Physical Memory Protection

Physical Memory Protection (PMP) is a part of the RISC-V Privileged Architecture Specification which discribes the interface for a standard RISC-V memory protection unit.

The PMP defines a finite number of PMP regions which can be individually configured to enforce access permissions to a range of addresses in memory. Each PMP region is configurable with the following options:

struct metal_pmp_config

Configuration for a PMP region.

Public Types

enum metal_pmp_locked

Sets whether the PMP region is locked.

Values:

enumerator METAL_PMP_UNLOCKED
enumerator METAL_PMP_LOCKED

Public Members

unsigned int R

Sets whether reads to the PMP region succeed.

unsigned int W

Sets whether writes to the PMP region succeed.

unsigned int X

Sets whether the PMP region is executable.

enum metal_pmp_address_mode A

Sets the addressing mode of the PMP region.

Initializing the PMP

All PMP-related functions first depend on having a handle to the PMP device:

struct metal_pmp *pmp = metal_pmp_get_device();
if(!pmp) {
   /* Failed to get PMP device handle */
}

PMP initialization is optional and has the effect of disabling all PMP regions, if possible:

metal_pmp_init(pmp);

The number of PMP regions available can be retrieved from the PMP device handle:

struct metal_pmp

A handle for the PMP device.

Configuring a PMP Region

Freedom Metal has a set of APIs for configuring a PMP region. The most generic of these is

int metal_pmp_set_region(struct metal_pmp *pmp, unsigned int region, struct metal_pmp_config config, size_t address)

Configure a PMP region.

Return

0 upon success

Parameters

  • pmp: The PMP device handle

  • region: The PMP region to configure

  • config: The desired configuration of the PMP region

  • address: The desired address of the PMP region

This function allows for the configuration of all PMP region settings.

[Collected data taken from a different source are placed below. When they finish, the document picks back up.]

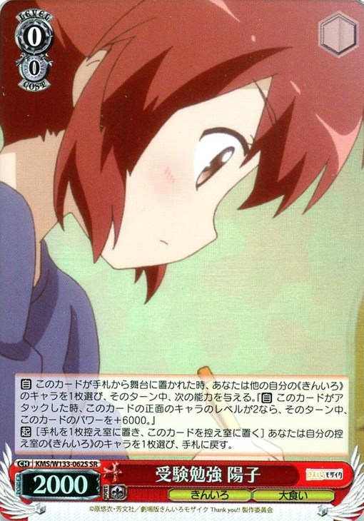 【起】[手札を1枚控え室に置き、このカードを控え室に置く] あなたは自分の控え室の《きんいろ》のキャラを1枚選び、手札に戻す。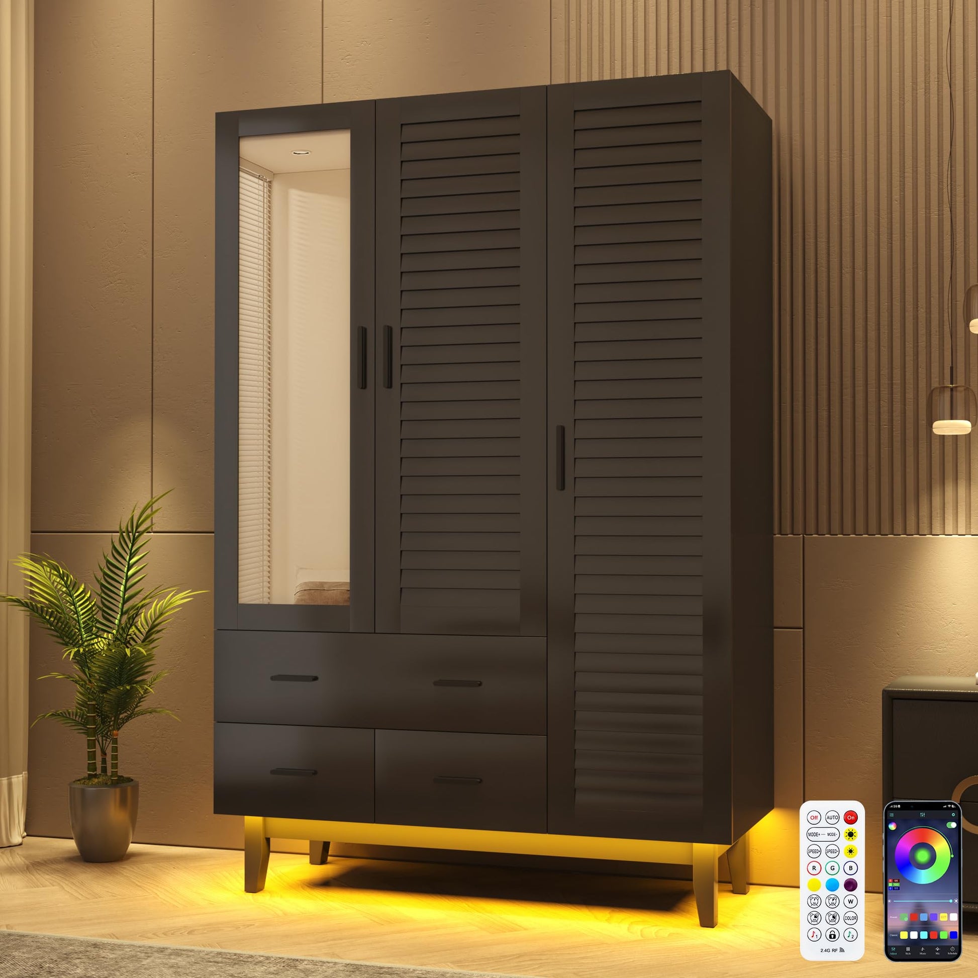 3 Door Armoire Wardrobe with LED Lights and Drawers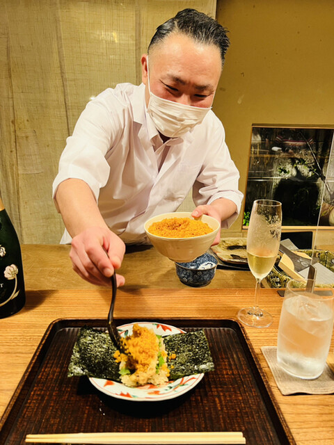 る。焼いた真鱈の白子を野口大将が酢飯に乗せてくれる。レアの真鱈の白子と酢飯の相性も最高。

Additional APIs are provided for granularly changing individual PMP region settings. For example:

int metal_pmp_set_address(struct metal_pmp *pmp, unsigned int region, size_t address)

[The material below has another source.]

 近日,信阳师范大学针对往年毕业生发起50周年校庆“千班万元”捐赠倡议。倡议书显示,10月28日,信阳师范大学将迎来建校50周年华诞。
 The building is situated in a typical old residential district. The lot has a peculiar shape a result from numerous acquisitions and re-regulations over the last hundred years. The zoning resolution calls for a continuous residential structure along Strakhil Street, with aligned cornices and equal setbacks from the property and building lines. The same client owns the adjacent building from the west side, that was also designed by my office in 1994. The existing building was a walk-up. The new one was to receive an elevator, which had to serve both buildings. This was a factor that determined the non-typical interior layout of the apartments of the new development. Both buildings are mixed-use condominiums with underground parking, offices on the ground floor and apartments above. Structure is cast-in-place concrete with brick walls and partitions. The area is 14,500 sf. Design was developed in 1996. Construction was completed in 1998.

Set the address for a PMP region.

Return

0 if the address is successfully set

Parameters

  • pmp: The PMP device handle

  • region: The PMP region to set

  • address: The desired address of the PMP region

int metal_pmp_lock(struct metal_pmp *pmp, unsigned int region)

Lock a PMP region.

Return

0 if the region is successfully locked

Parameters

  • pmp: The PMP device handle

  • region: The PMP region to lock

int metal_pmp_set_writeable(struct metal_pmp *pmp, unsigned int region, int W)

Set the writable bit for a PMP region.

Return

0 if the writable bit is successfully set

Parameters

  • pmp: The PMP device handle

  • region: The PMP region to set

  • W: The desired value of the writable bit

Additional documentation for this API is provided in the PMP API reference.

The RISC-V specification allows implementation of PMP to hard-wire the configuration values of PMP regions. In these cases, attempts to configure these PMP regions will fail.

Handling PMP Access Faults

Attempted memory accesses which the PMP is configured to prevent trigger a CPU exception. These exceptions can be handled by installing a CPU exception handler for exception codes related to memory access faults.

Additional documentation about creating and registering exception handlers can be found in the Exception Handlers Developer Guide.

Additional Documentation

Additional documentation about the Physical Memory Protection system and fault handling on RISC-V systems can be found in The RISC-V Privileged ISA Specification v1.10.